Light-driven site-selective O-H activation in lignin by triplet excited alkylanthraquinone at simulated natural conditions

doi:10.1016/S1872-2067(25)64764-4

Abstract

Abstract:

Harnessing photocatalyzed hydrogen atom transfer (HAT) for the precise activation of C-H/O-H bonds is a pivotal yet challenging strategy to selectively drive oxidative C-C bond scission in renewable lignin, yielding value-added chemicals with exceptional selectivity. Herein, we present a metal-free photochemical strategy that enables selective C-C bond scission in lignin via a unique synergistic HAT pathway driven by triplet-excited 2-ethylanthraquinone (EAQ*) and hydroxyl radicals (^•OH) generated in situ from EAQH₂ and O₂. Under simulated natural conditions, this process achieves a benzaldehyde yield of 146.6 mol% from a lignin-derived phenolic dimer. Mechanistic investigations reveal that preferential activation of the C_α-OH in lignin facilitates a tandem HAT process, forming alkoxy radical intermediates that undergo β-scission to produce benzaldehyde, as corroborated by extensive control reactions and density functional theory calculations. Furthermore, this straightforward protocol efficiently cleaves the C-C bonds of technical kraft lignins, providing a rapid, scalable, and metal-free protocol for lignin valorization under mild conditions.

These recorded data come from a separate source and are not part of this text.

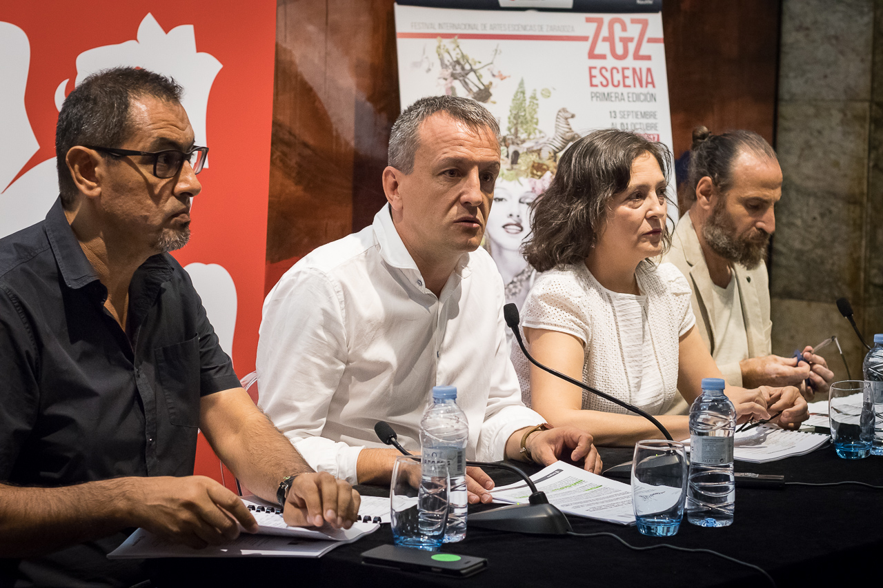 El consejero de Economía y Cultura del Ayuntamiento, Fernando Rivarés, y el gerente del Patronato Municipal de las Artes Escénicas y de la Imagen (PMAEI), Víctor López, acompañados por los representantes de las Asociaciones Aragonesas de Empresas de Artes Escénicas Cristina Yáñez (Asemtar) y Carlos Martín (Ares Aragon Escena), han presentado la programación de la primera edición del Festival Internacional Zaragoza Escena, que se celebrará del 13 de septiembre al 1 de octubre de 2017.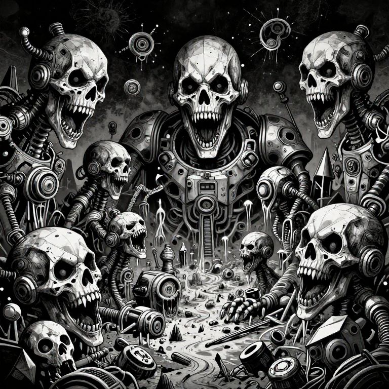 This is a digital black-and-white illustration featuring a chaotic scene of six robotic skulls with mechanical joints, wires, and gears. The central skull, larger and more prominent, has a wide-open mouth revealing sharp teeth. Surrounding it are five smaller skulls, also with open mouths, creating a sense of eerie, mechanical chaos. The background is dark with scattered bubbles and stars, adding to the surreal atmosphere. The central skull has a circular device on its chest, while the others have various mechanical details. The foreground is cluttered with more skulls, gears, and wires, creating a dense, detailed composition. The overall style is high-contrast and highly detailed, evoking a cyberpunk or steampunk aesthetic.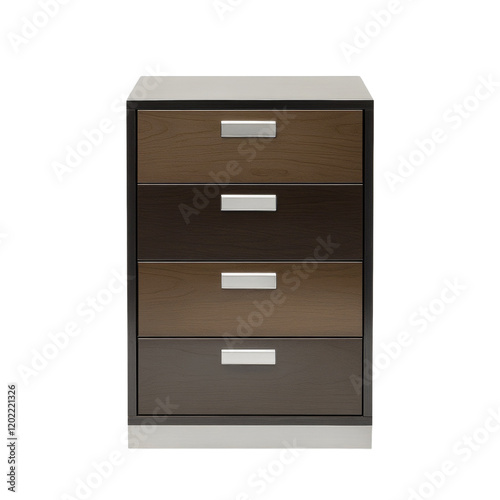 A modern four-drawer wooden chest with a sleek design and alternating dark and light brown wood.

Key words: Lignin, Oxidative degradation, Photoredox organocatalyst, 2-Ethylanthraquinone, Benzaldehyde

Lixia Li, Xiuqi Li, Feiyue Li, Xiang Zhen, Mingdong Dong, Jinxing Long, Xiaobing Wang, Zhiyong Jiang. Light-driven site-selective O-H activation in lignin by triplet excited alkylanthraquinone at simulated natural conditions[J]. Chinese Journal of Catalysis, 2025, 76: 65-80.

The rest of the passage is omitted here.